• **AIM OF THE TASK**: Below is a block of records; reproduce all of them exactly and leave out any pictures.

• **Extracted data entries**:
--*--

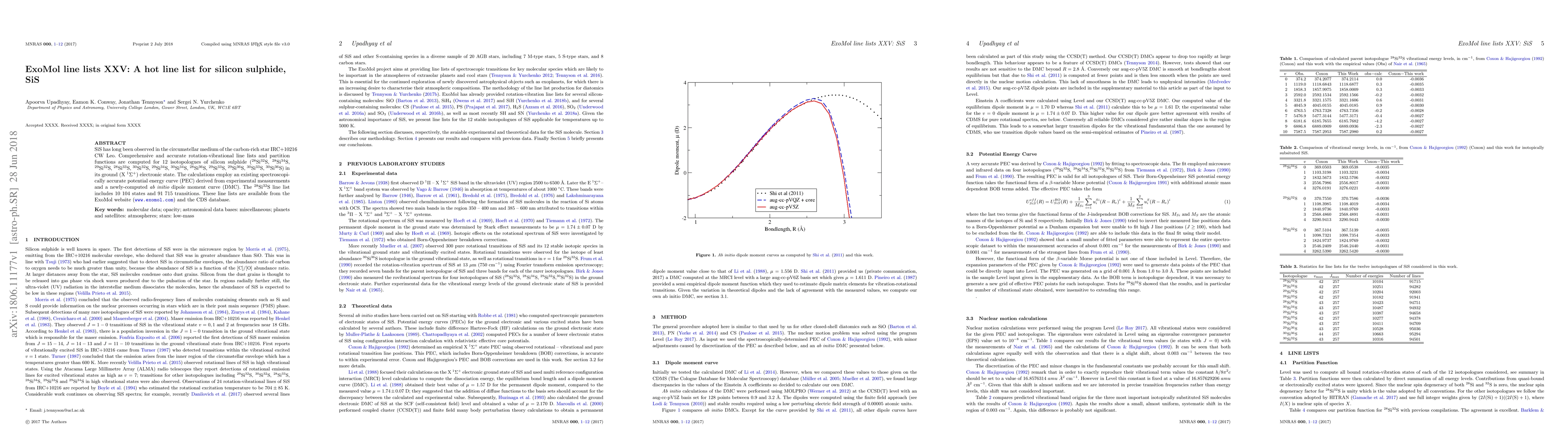 This paper presents detailed rotation-vibrational line lists and partition functions for 12 isotopologues of silicon sulphide (SiS) using accurate potential and dipole moment curves. The $^{28}$Si$^{32}$S line list includes 10104 states and 91715 transitions, available for research on the ExoMol website and CDS database.
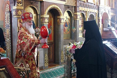 В завершение митрополит Арсений и игумения Зинона обменялись пасхальными яйцами.
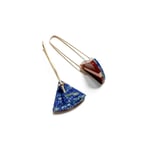 These earrings are cut from a red jasper from the depths of the Owyhee canyonlands. The pink is rhodonite from the copper mines in Butte, Montana. They are backed for strength with Afghan lapis.
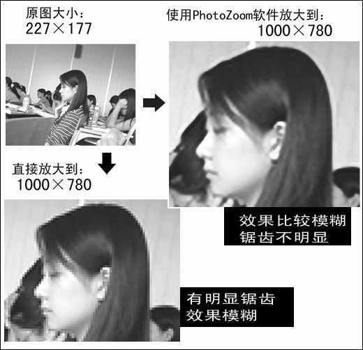 用过Photoshop的人看了这样的对比就会明白,实际上PhotoZoom软件是借用了模糊和锐化处理的过程,然后经过色彩上的调节,使放大后的照片避免锯齿的出现。对原来的照片实际上是在“牺牲”清晰度的基础上进行放大。这里的30万像素变为120万像素,只能说将原来的30万像素放大到120万像素这个范围内有较理想的效果,超过这个范围图像效果就较差,它与直接拍摄出来的120万像素的质量是不能比的,所以说这样的放大是在有限的范围内进行的。
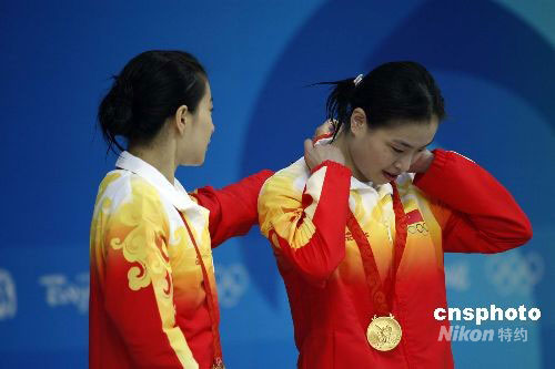 8月10日,素有“夢(mèng)之隊(duì)”之稱的中國(guó)跳水隊(duì)黃金組合郭晶晶和吳敏霞輕松獲得女子雙人三米板金牌。圖為郭晶晶在領(lǐng)獎(jiǎng)臺(tái)上幫吳敏霞整理衣領(lǐng)。中新社發(fā) 杜洋 攝

--*--

• **ANSWER TO THE EXERCISE**:
 This paper presents detailed rotation-vibrational line lists and partition functions for 12 isotopologues of silicon sulphide (SiS) using accurate potential and dipole moment curves. The $^{28}$Si$^{32}$S line list includes 10104 states and 91715 transitions, available for research on the ExoMol website and CDS database.
 В завершение митрополит Арсений и игумения Зинона обменялись пасхальными яйцами.
 These earrings are cut from a red jasper from the depths of the Owyhee canyonlands. The pink is rhodonite from the copper mines in Butte, Montana. They are backed for strength with Afghan lapis.
 用过Photoshop的人看了这样的对比就会明白,实际上PhotoZoom软件是借用了模糊和锐化处理的过程,然后经过色彩上的调节,使放大后的照片避免锯齿的出现。对原来的照片实际上是在“牺牲”清晰度的基础上进行放大。这里的30万像素变为120万像素,只能说将原来的30万像素放大到120万像素这个范围内有较理想的效果,超过这个范围图像效果就较差,它与直接拍摄出来的120万像素的质量是不能比的,所以说这样的放大是在有限的范围内进行的。
 8月10日,素有“夢(mèng)之隊(duì)”之稱的中國(guó)跳水隊(duì)黃金組合郭晶晶和吳敏霞輕松獲得女子雙人三米板金牌。圖為郭晶晶在領(lǐng)獎(jiǎng)臺(tái)上幫吳敏霞整理衣領(lǐng)。中新社發(fā) 杜洋 攝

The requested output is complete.